• ACE BioSciences A/S, of Odense, Denmark, and Nordic Vaccine A/S, of Copenhagen, Denmark, agreed to develop fast-acting vaccines, which could provide better protection to patients and can be delivered in parenteral, patch, or oral formulations. Initial work in the collaboration will focus on ACE BioSciences’ vaccines for travelers’ diarrhea caused by Campylobacter, using Nordic Vaccine’s non-alum adjuvants to enhance the protection afforded by the developmental vaccine. Financial terms were not disclosed.

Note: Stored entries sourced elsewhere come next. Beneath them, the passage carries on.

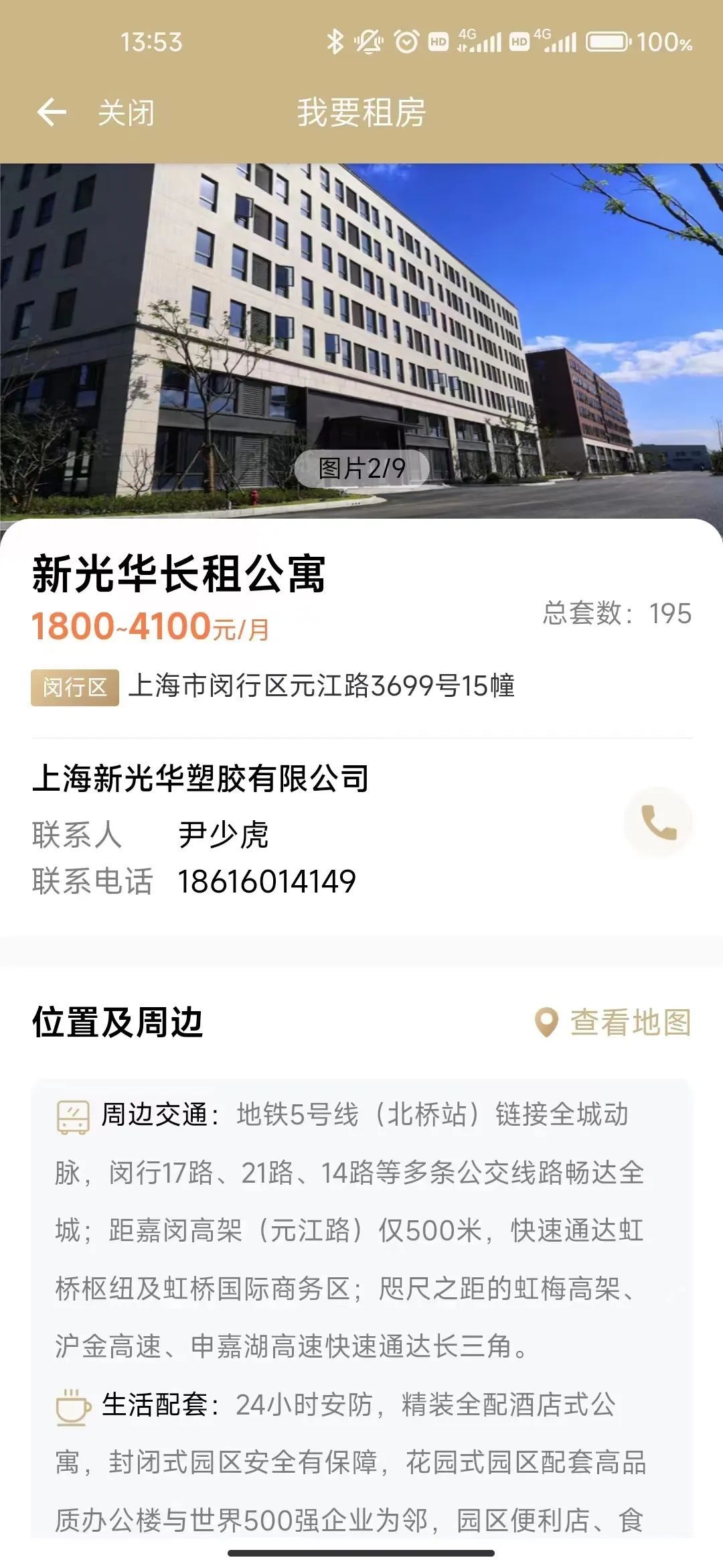 可查看房源详情。比如长租公寓,选择房源进入后,可查看位置及周边、户型等信息。
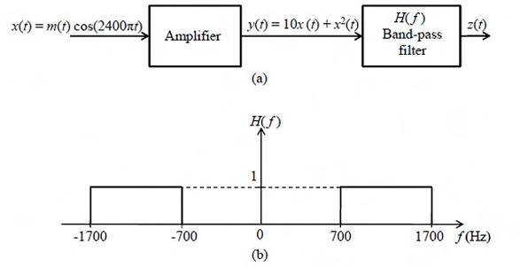 In the system shown in Figure (a), m(t) is a low-pass signal with bandwidth W Hz. The frequency response of the band-pass filter H(f) is shown in Figure (b). If it is desired that the output signal z(t) = 10m(t), the maximum value of W (in Hz) should be strictly less than
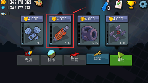 3、選擇彈簧部件,花費金幣升級車輛性能。
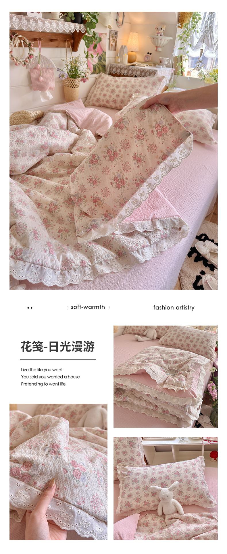 (总)初念 2025新款亲肤舒适双层纱云感纱小花边四件套-拾光,拾光-芭比兔,拾光-复古浪漫,拾光-花丛萌兔,拾光-花丛女孩,拾光-少女象,拾光-狮子唱片,拾光-思念女孩,拾光-星眠云野
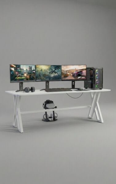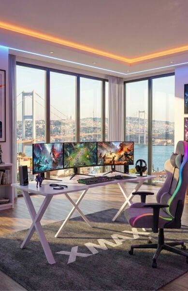 XMAX NEXAR Oyuncu Masası – Beyaz MDF Bilgisayar ve Gaming Masa
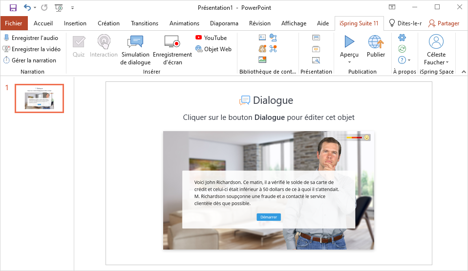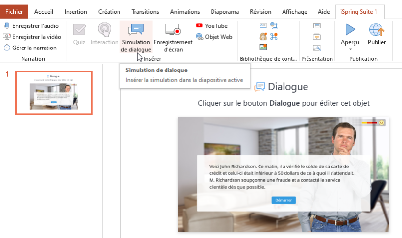 - Votre simulation de dialogue sera ajoutée à la diapositive spécifiée de votre présentation.
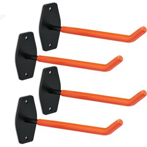 Keep your car tyres safe in a space-saving way with these tyre wall hooks. The set includes 4 wall hangers that you can quickly and easily mount in the garage with the enclosed mounting material. Common car tyres, but also bicycle wheels, rims and more, find space on the resilient steel rim brackets. Thanks to the PVC coating, your rims and tyres are reliably protected from scratches. Wheel Wall Holder in Detail - Dimensions H x W x D: approx. 9 x 5 x 25.5 cm - Diameter of the bar: approx. 1.3 cm - Load capacity: max. 40 kg per holder - Weight: approx. 300 g each - Material: Steel, PVC - Colour: Orange, black Practical Tyre Suspension for Your Garage - Suitable for all common car tyres and rims - Space-saving storage due to wall mounting - High load capacity with up to 40 kg per hook - PVC coating protects against scratches - Easy wall mounting - incl. mounting material Scope of Delivery - 4 x tyre wall bracket - With mounting instructions and material - Decorative items are not
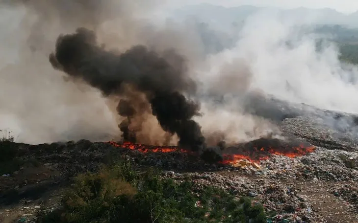 Bãi rác dốc Đá Mài, xã Cát Tiên (Lâm Đồng) cháy ngùn ngụt, khói bốc cao kèm mùi hôi thối nồng nặc.
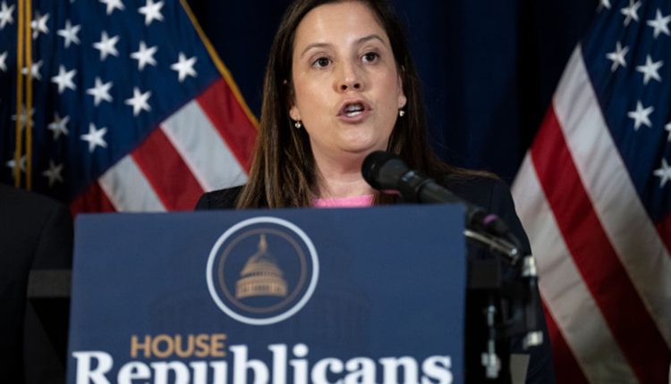 Chair of the House Republican Conference Rep. Elise Stefanik (R-NY) speaks during a news conference after a caucus meeting with House Republicans on Capitol Hill May 10, 2023 in Washington, DC.
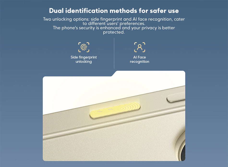 OS -------------- Android 15 (Go Edition),3.5mm headphone jack,Bluetooth 5.2,Side fingerprint sensor,AI face unlock
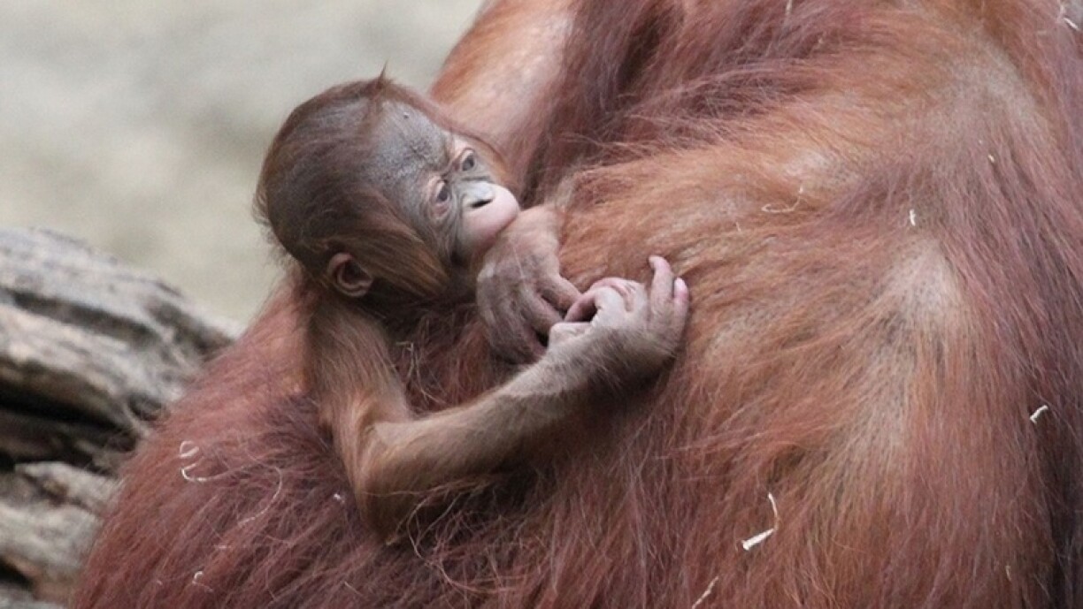 Et ass antëscht schonn de siwenten Orang-Utan-Bëbee, deen zanter der Ouverture vum Darwineum - der Heemecht vun de Mënschenafen am Rostocker Zoo - am Joer 2012 d’Liicht vun der Welt do erbléckst huet.
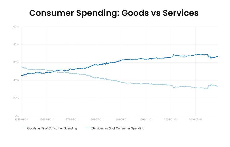 The American economy is no longer driven by purchasing Goods like in the early 1900s…
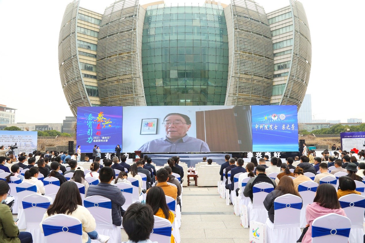 我校柴之芳院士以视频连线方式致辞。他指出,苏州大学科研实力雄厚、人才荟萃。泰兴文化底蕴深厚,科创气息浓郁,人才新政“双十条”的发布,显示了泰兴对人才的尊重和渴望,对创新工作的重视和支持。希望通过本次合作的签署,促进校地产学研用深度融合,响应党的二十大报告对科技工作的要求。
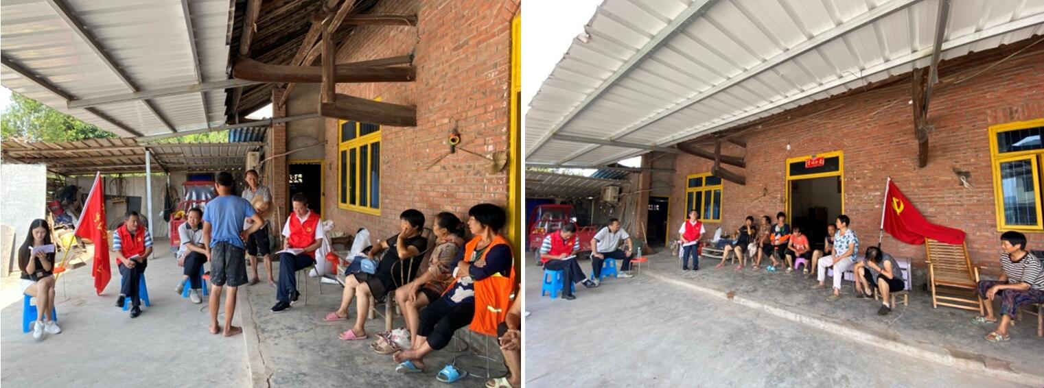 活动中,党旗迎风飘扬,机关全体党员干部佩戴党徽,集结受灾群众,开展灾情民意收集及政策宣讲工作。一是收集诉求。党员志愿服务队认真倾听受灾群众讲述家中农作物受灾程度、房屋及电器家具受损情况,并认真做好统计记录。服务队针对受灾群众提出的需要解决或协调解决的诉求给予答复和解决,对暂不能解决的做好解释工作的同时进行梳理登记,及时反馈。当天收集群众的诉求和意见建议12件,现场答复和解决5件,其余7件提交木城镇、县级有关部门,积极跟踪并协调解决。二是宣传政策。志愿服务队现场宣讲有关灾后重建政策,宣讲县委县政府部署和各级各部门社会各界的帮扶举措,现场讲解紧急避险和防疫知识,引导群众提高应急自救意识,对今后一段时间可能出现的洪涝灾害做好应对,鼓励他们互助互帮,积极恢复正常的生产生活秩序。三是入户调查。党员志愿服务队深入到部分严重受灾群众家中实地查看房屋受损情况,排查风险隐患,并做好登记汇总,积极争取各级帮扶。
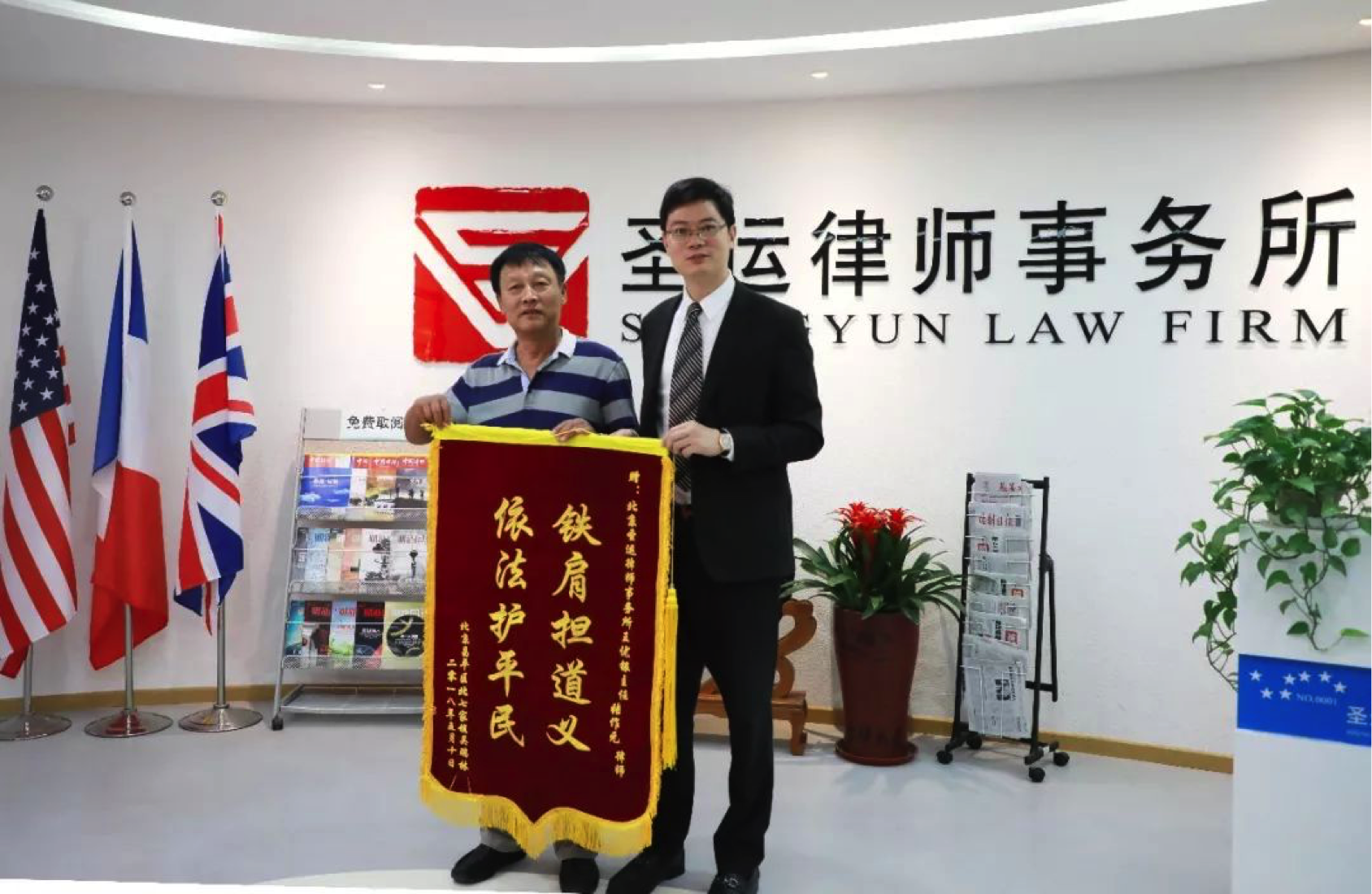 ? 在担任这位当事人郑先生委托律师的过程中,王有银主任及其团队律师借自身扎实的法律功底,丰富的办案经验、突出的专业能力以及严谨的工作态度,在历经行政复议、行政诉讼等一系列的法律程序之后,终使这位当事人的诉求得到了最大的满足。当事人对圣运律师的勤勉付出甚是感激,因而特地赶赴北京圣运律师事务所,当面送上锦旗表示感谢!当事人所有的感激、认可和肯定凝聚成"铁肩担正义,依法护平民"这一句话,也充分印证了圣运律所"承诺只为被拆迁人维权"的宗旨。
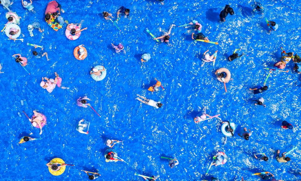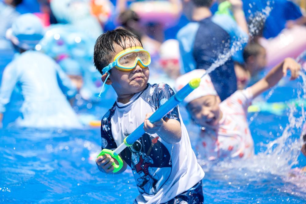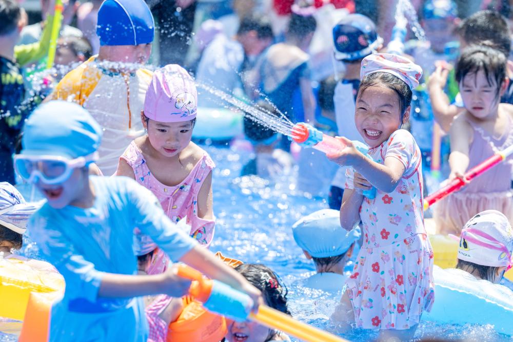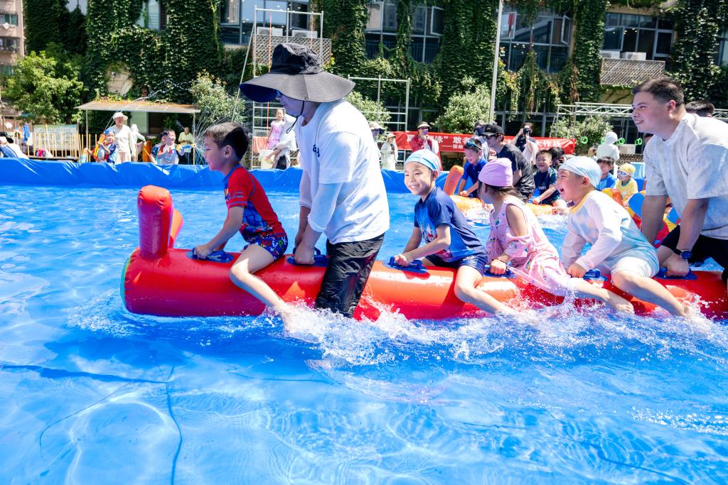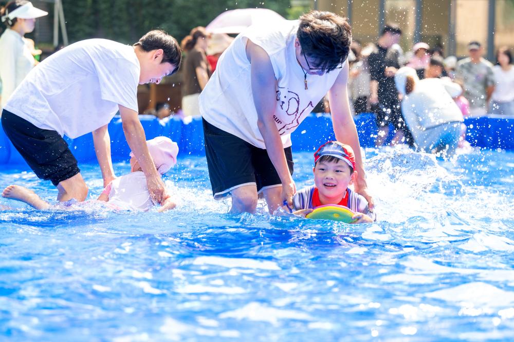 近日,在浙江省湖州市长兴县一幼儿园内,孩子与家长共同参加趣味水上运动,在清凉嬉戏中锻炼身体,增进亲子感情。
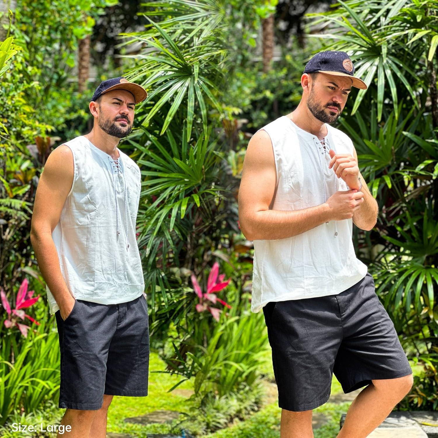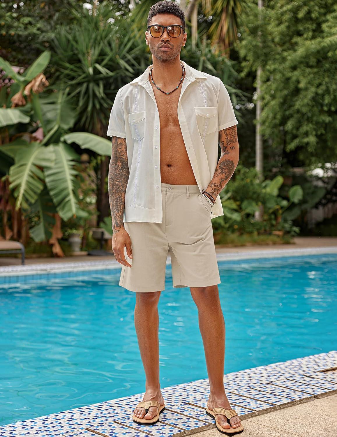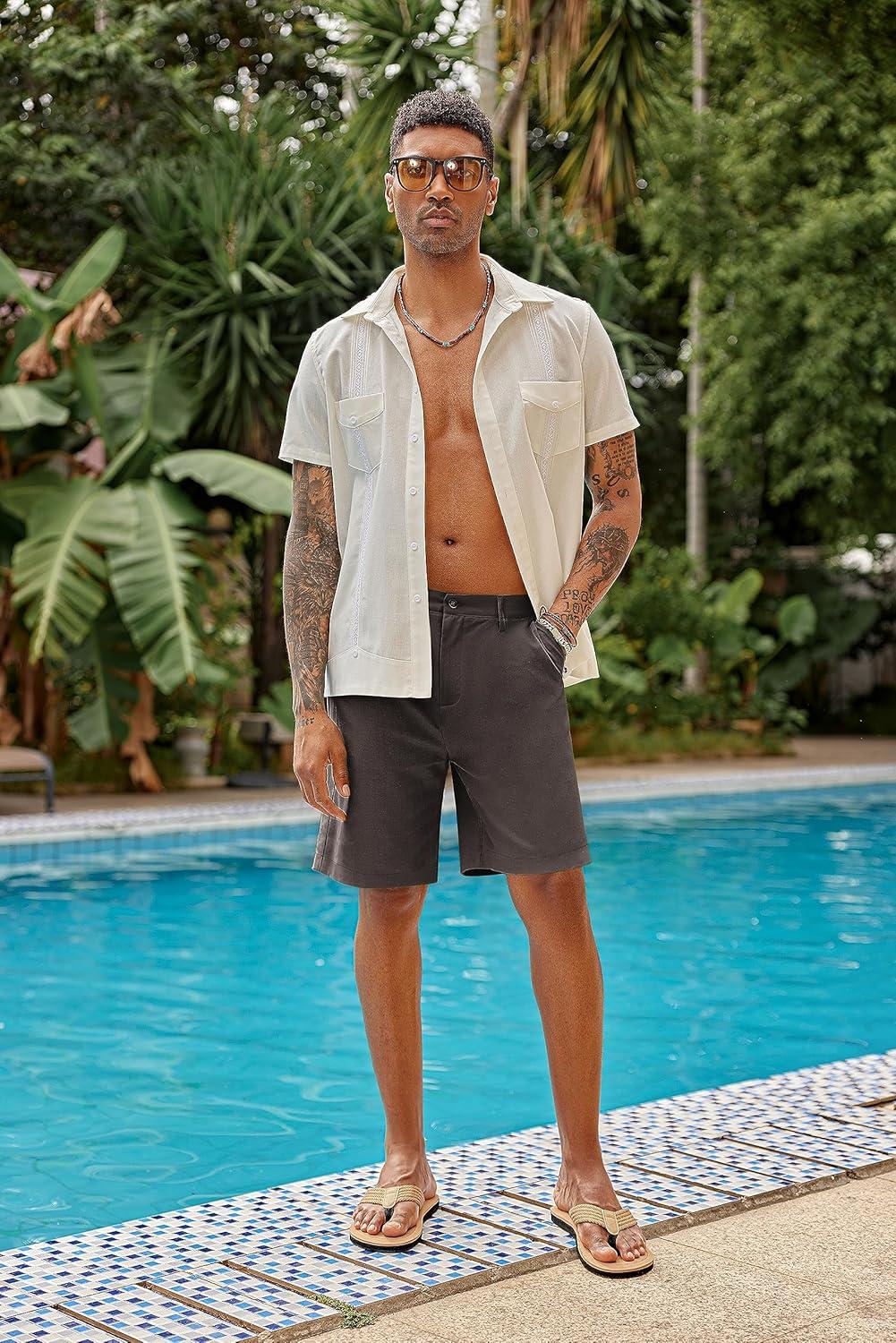 COOFANDY Men’s Casual Shorts Linen Flat Front Shorts Elastic Waist Summer Beach Shorts(White)

• Affymetrix Inc., of Santa Clara, Calif., said the Korean National Institute of Health and Center for Disease Control and Prevention will use the Affymetrix GeneChip Human Mapping 500K Array Set for a series of genome-wide association studies in critical disease areas, such as diabetes, hypertension, asthma and metabolic syndrome. The Korean NIH will work with its academic and industry collaborators to generate more than 10 billion individual genotypes from 20,000 human DNA samples.
• Emisphere Technologies Inc., of Tarrytown, N.Y., said Novartis AG, of Basel, Switzerland, exercised its license option for the development and commercialization of an oral parathyroid hormone (PTH) using Emisphere’s eligen delivery technology. Under the terms, Emisphere is eligible for milestone payments totaling up to $30 million, plus royalties on any product sales. The agreement followed the January court decision favoring Emisphere in its litigation with Indianapolis-based Eli Lilly & Co., which effectively terminated the PTH agreement between those companies. (See BioWorld Today, Jan. 13, 2006.)
• Gilead Sciences Inc., of Foster City, Calif., said the FDA granted traditional approval status to its once-daily antiretroviral Viread (tenofovir disoproxil fumarate) and its fixed-dose product, Truvada (emtricitabine and tenofovir disoproxil fumarate), which combines the company’s Emtriva and Viread in a single daily tablet. Traditional approval was granted following review of 48-week data from a second confirmatory pivotal trial. The FDA previously granted accelerated approval for Viread and Truvada in October 2001 and August 2004, respectively. (See BioWorld Today, Oct. 30, 2001, and Aug. 4, 2004.)
• Open Biosystems Inc., of Huntsville, Ala., said Northwestern University joined its Open Access RNAi Program, gaining access to Open Biosystems’ whole-genome lentiviral shRNAmir libraries, including libraries that target the entire human and mouse genomes with multiple constructs per gene. The Open Access RNAi Program is designed to offer RNAi technologies without big financial burdens to individual investigators, while providing continual updates and technical support.